Results in three easy steps!

To illustrate we will analyze the tolerances of a gear assembly mechanism as shown in the following figure.

Step 1. Identify tolerance contributors in CAD

In this step user identifies and draws the tolerance vector chain in CAD starting from the datum on the left ending with the point of interest on the right, by connecting the centers.  The resultant lines, representing the tolerance vector chain, are saved in CAD in the DXF (R 14) format. 

Note : The tolerance chain can be extracted from CAD models aligned to appropriate 2D plane as well as from drawings. In most CAD applications this step is easy as drawing lines by connecting dots. Often it is easier to draw the contributors in a separate layer and save the layer in DXF format.

There are three contributors in the tolerance chain as shown in the following figure.  The nominal value of the distance of the point of interest (D) from the datum (A) is L.

The user wants to know the worst-case value of L and the co-ordinates of D will be when linear and angular tolerances stack-up.  Also, given an acceptable delta in the value of L within which the assembly will perform (OK Delta-L) user wants to perform manufacturability and quality analysis of the assembly.
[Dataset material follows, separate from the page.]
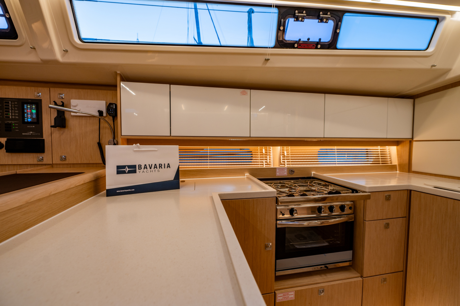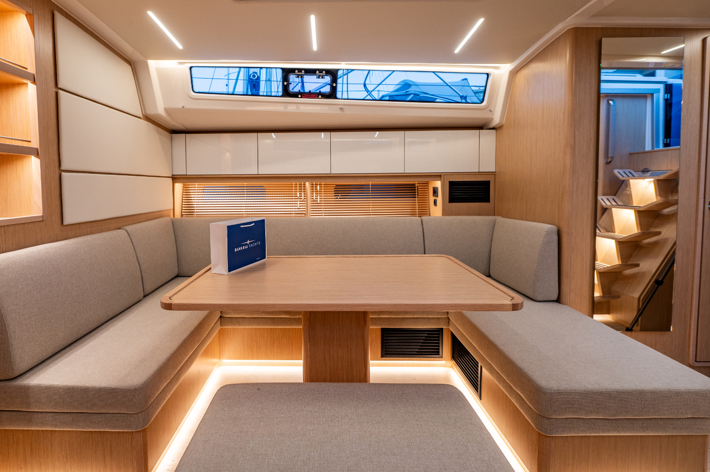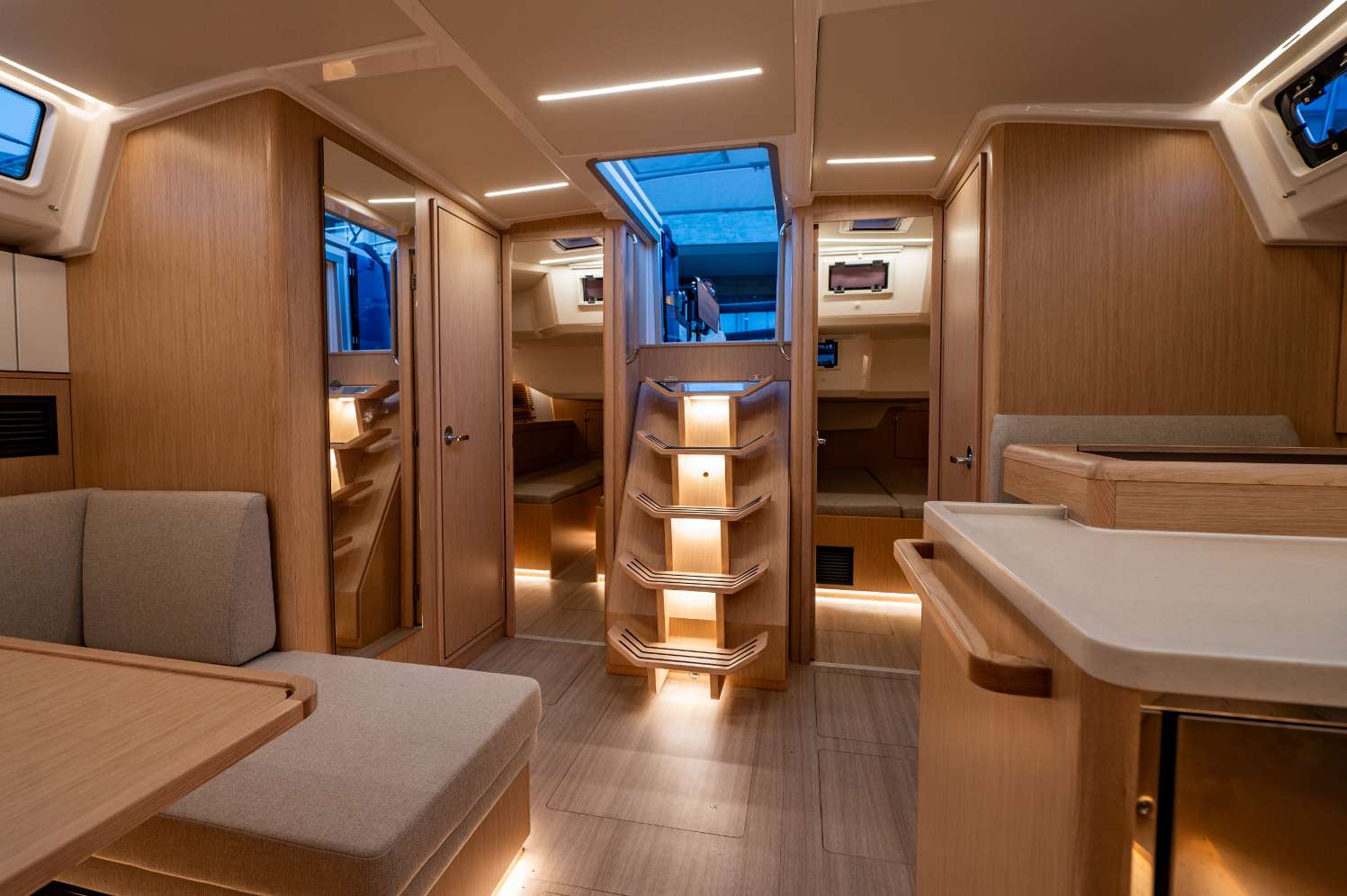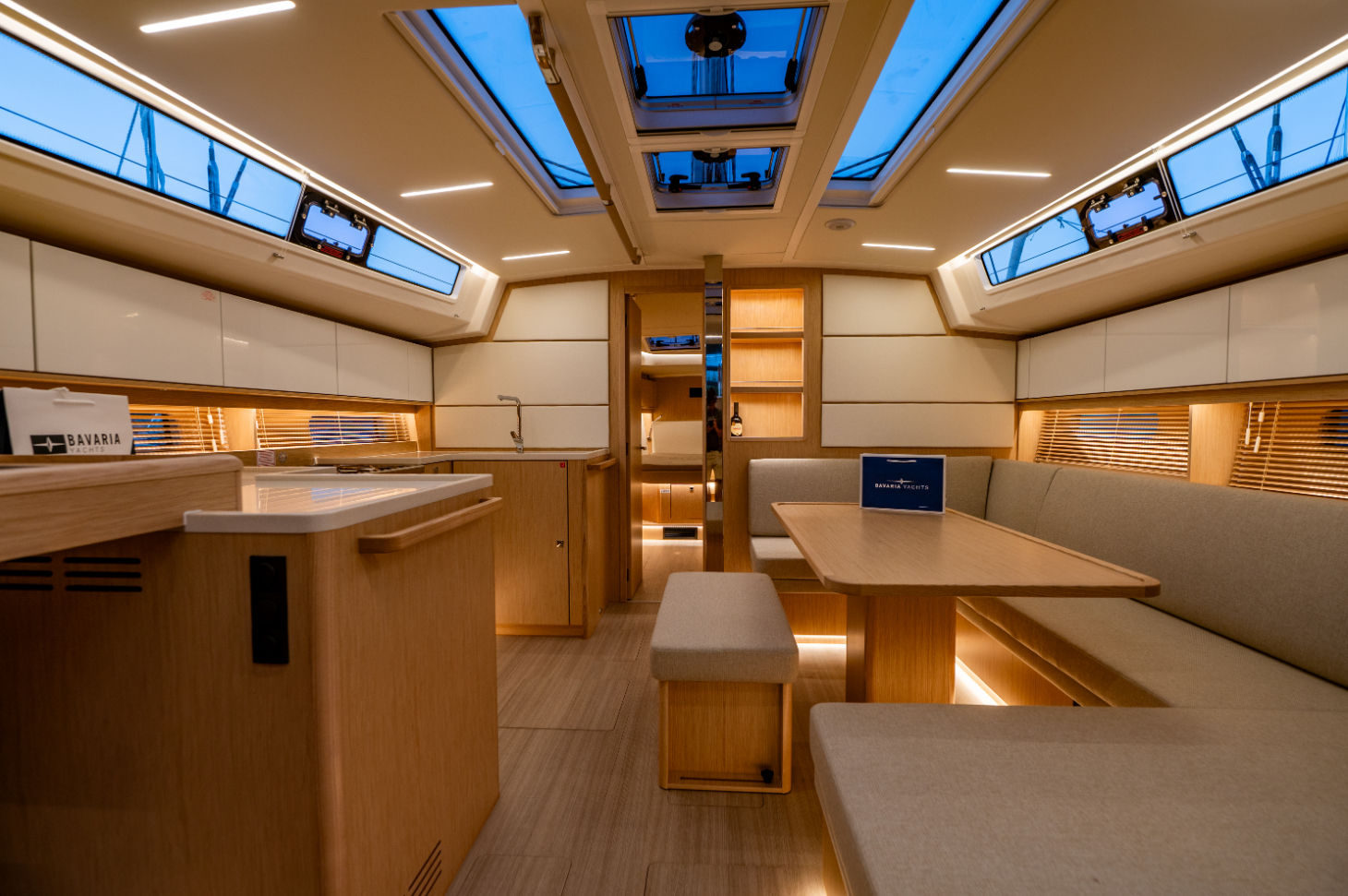 Ambient lights in ceiling panel and below upper cupboards in salon and cabins

Step 2. Setup ToleranceCalc

ToleranceCalc is launched and the DXF file containing the tolerance chain, saved in CAD in the previous step, is loaded and shown in ToleranceCalc Setup pane window as illustrated below.

Step 3. See Results

In a split second, ToleranceCalc develops the results and displays the answers in the Stack-Up pane including Max, Min, Worst, and Mean value of L (the distance from the datum to the point of interest) as shown in the following illustration.
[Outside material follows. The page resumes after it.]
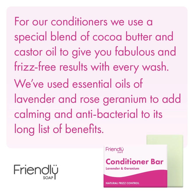 Our conditioner bars are a special blend of cocoa butter and castor oil to give you fabulous and frizz-free results with every wash. Each conditioner bar is handmade using essential oils of Lavender and Rose Geranium to add calming and anti-bacterial to its long list of benefits.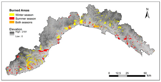 The input dataset used in the present study is the same one used in [15], consisting of mapped burned areas spanning a 21-year period (1997–2017) (Figure 2), provided by the regional forestry service [46]. This wildfire inventory was created based on GPS-surveying and subsequent digitalization over the cadastral map (scale 1:10,000) and includes the starting date of each event. The availability in Liguria of a mapping of fire perimeters (through ground measurements) allows one to carry out a thorough analysis that is not affected by the drawbacks of satellite-based digital observations. The final dataset comprises 8217 wildfires, with an annual mean of 391 fires, burning an area of about 3035 ha per year (Figure 2). To account for the fires’ seasonality, two macro seasons have been considered: winter, from November to April, and summer, from May to October. These two seasons are characterized by a quite distinct spatial distributions of the burned areas (Figure 3) and were therefore analyzed separately.

Here X and Y represent the co-ordinates of the point of interest (D).

Next, user clicks on the Sigma panel and receives the quality report developed using the Monte Carlo analysis, assuming a normal distribution, as shown in the following figure.

The user can now save the results for the particular tolerance setting and go back to the Setup pane and tweak tolerances to receive instantaneous sensitivity feedback. This way user can make intelligent decisions to tweak part and assembly tolerances to make sure the assembly will work as expected and can be manufactured to meet the quality goal.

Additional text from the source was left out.